▶ _Problem requirements_
Using the listing below, work out how many lines include the word "Dora". Only the number is to be given.

▶ _Source data_
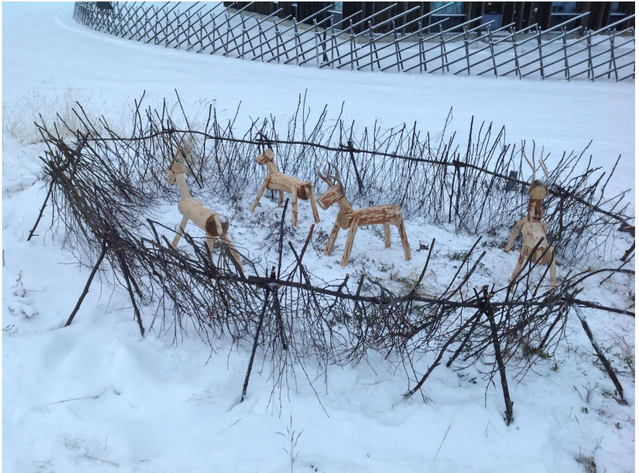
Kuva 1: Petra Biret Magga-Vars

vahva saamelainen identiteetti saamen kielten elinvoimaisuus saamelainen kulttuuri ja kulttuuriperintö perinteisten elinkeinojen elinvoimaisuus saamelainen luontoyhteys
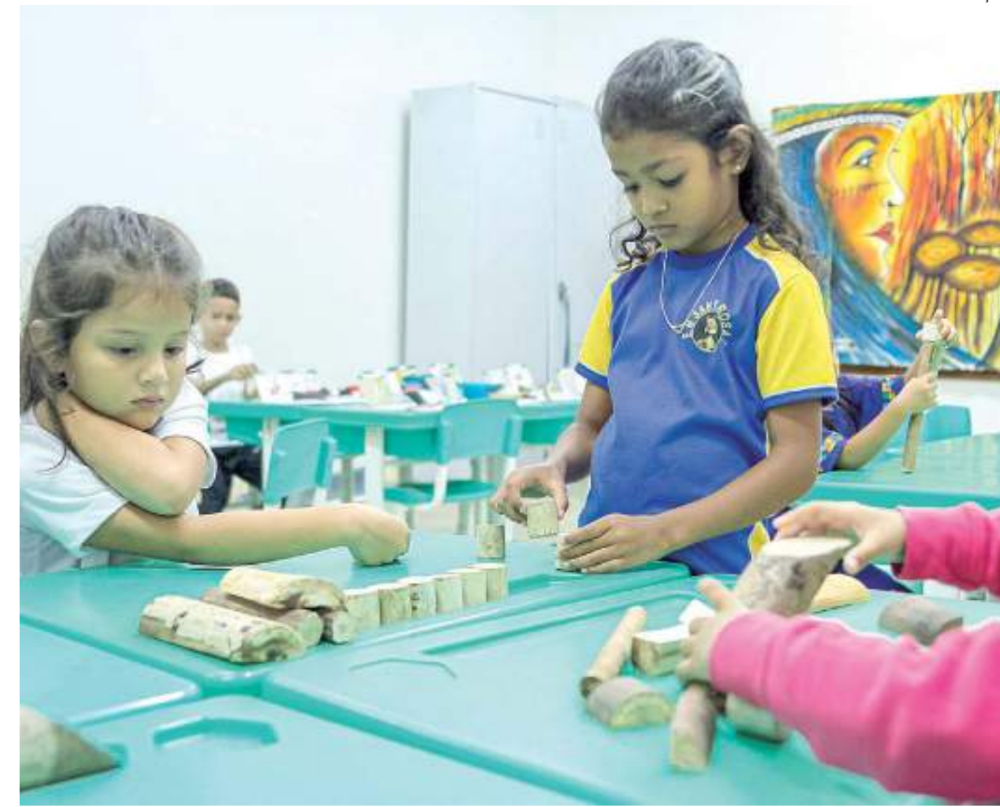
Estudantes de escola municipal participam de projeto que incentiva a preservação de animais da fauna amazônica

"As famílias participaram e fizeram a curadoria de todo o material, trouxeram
---
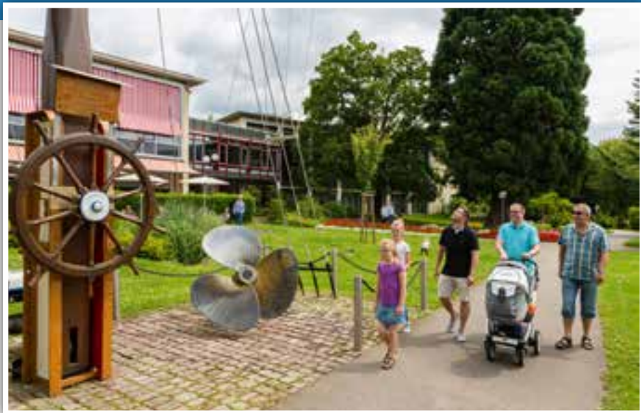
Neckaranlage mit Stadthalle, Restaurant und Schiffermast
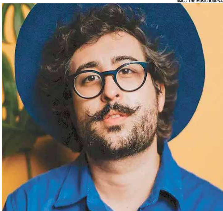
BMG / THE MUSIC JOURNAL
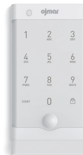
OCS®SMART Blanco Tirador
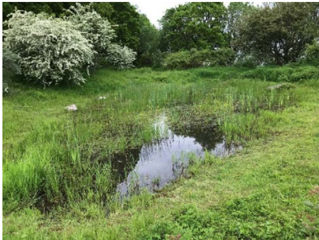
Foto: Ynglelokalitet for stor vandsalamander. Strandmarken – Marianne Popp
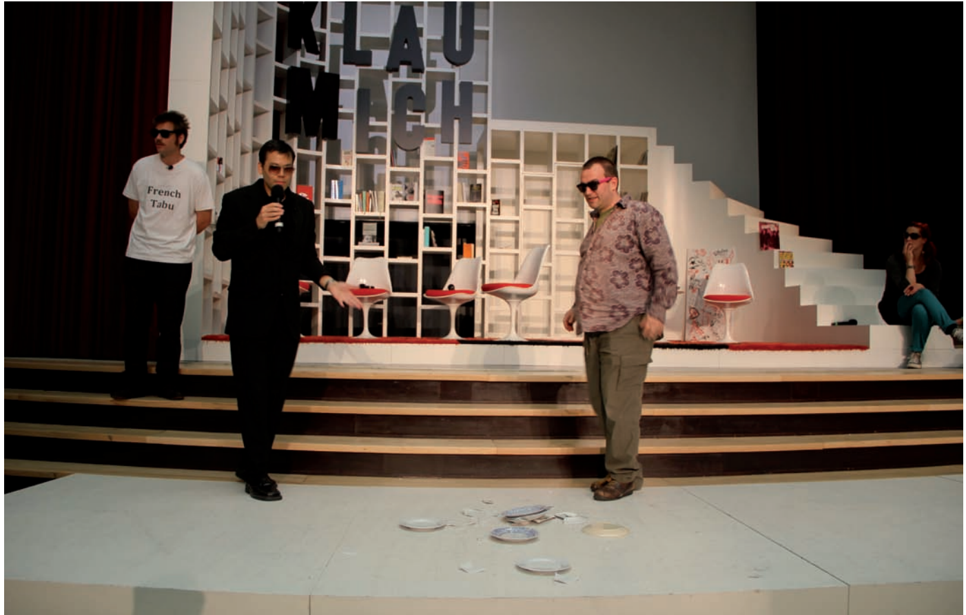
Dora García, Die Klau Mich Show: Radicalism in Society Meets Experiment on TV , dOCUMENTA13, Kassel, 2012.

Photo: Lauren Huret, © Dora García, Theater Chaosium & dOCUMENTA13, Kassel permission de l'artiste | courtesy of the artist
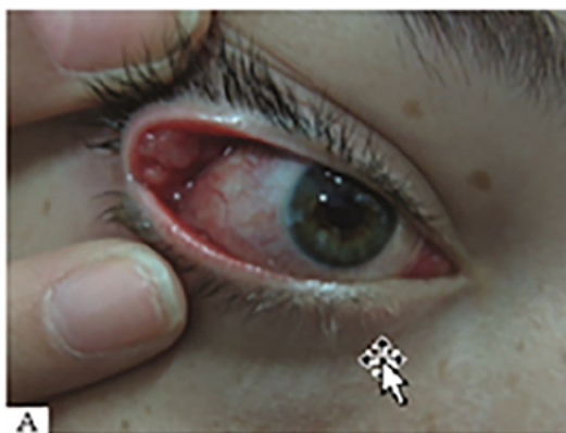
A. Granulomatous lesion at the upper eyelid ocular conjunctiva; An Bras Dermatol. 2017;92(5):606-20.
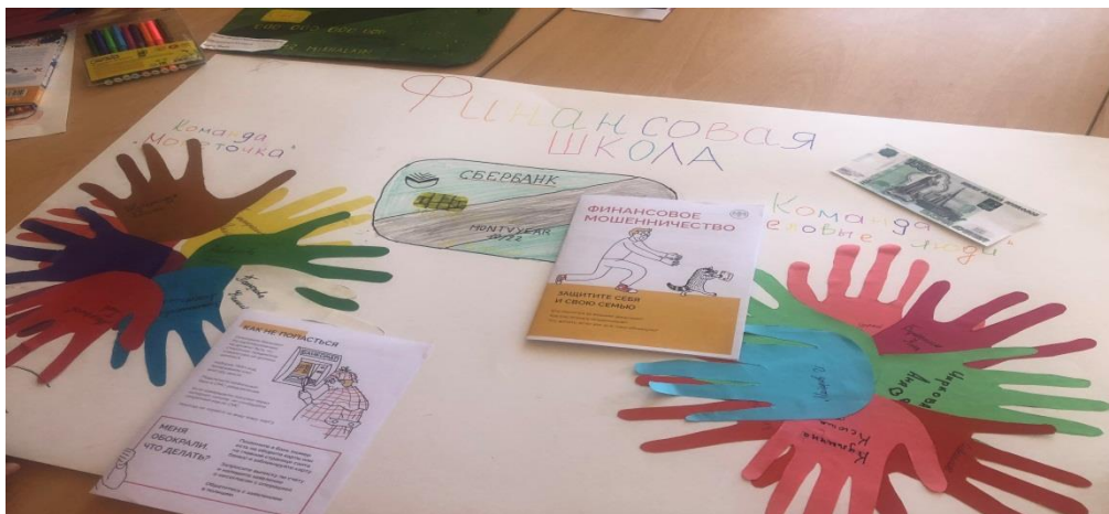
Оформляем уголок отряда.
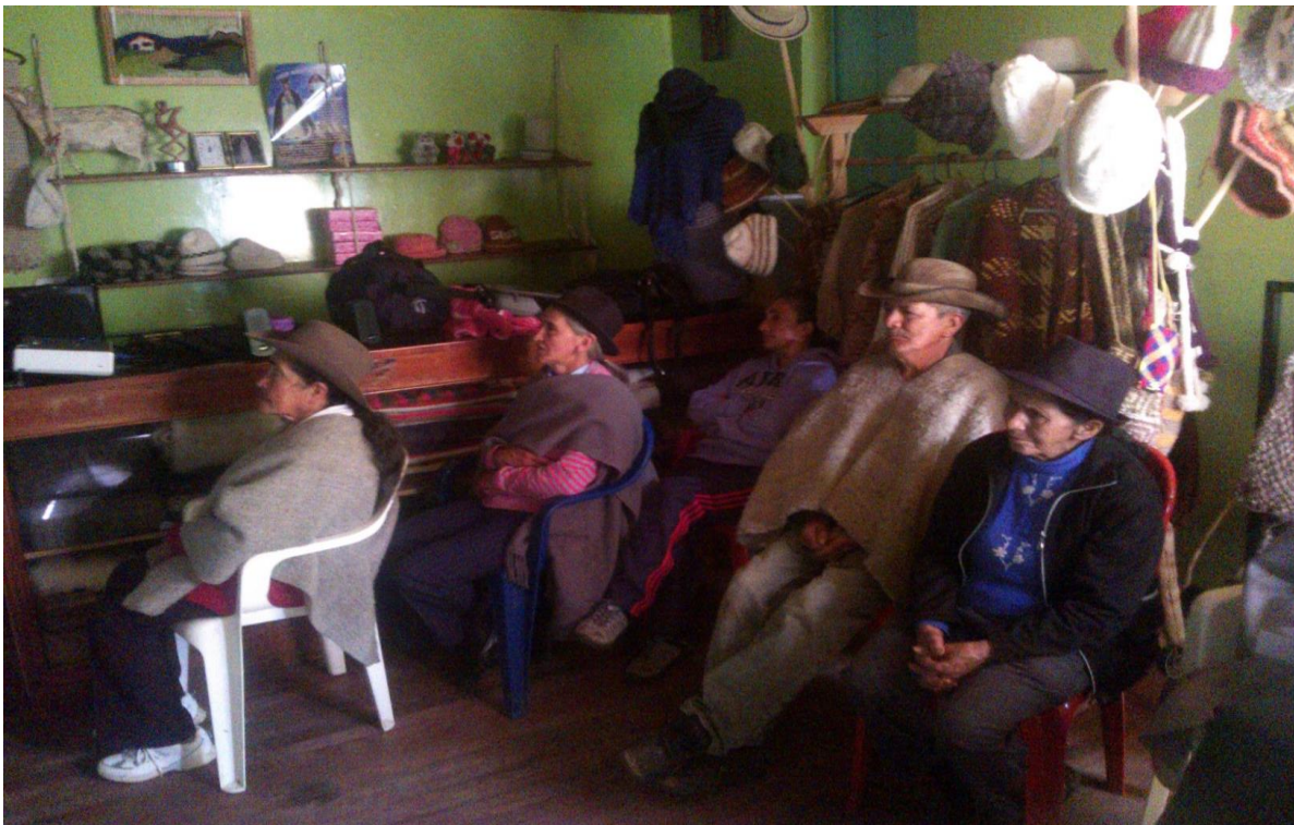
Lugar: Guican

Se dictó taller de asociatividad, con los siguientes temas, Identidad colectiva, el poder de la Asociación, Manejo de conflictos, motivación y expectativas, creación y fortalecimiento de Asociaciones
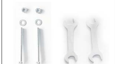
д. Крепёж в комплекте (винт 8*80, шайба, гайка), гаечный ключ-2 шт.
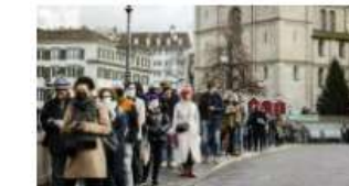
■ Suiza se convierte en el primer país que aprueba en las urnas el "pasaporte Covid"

▶ _Solution for this task_
2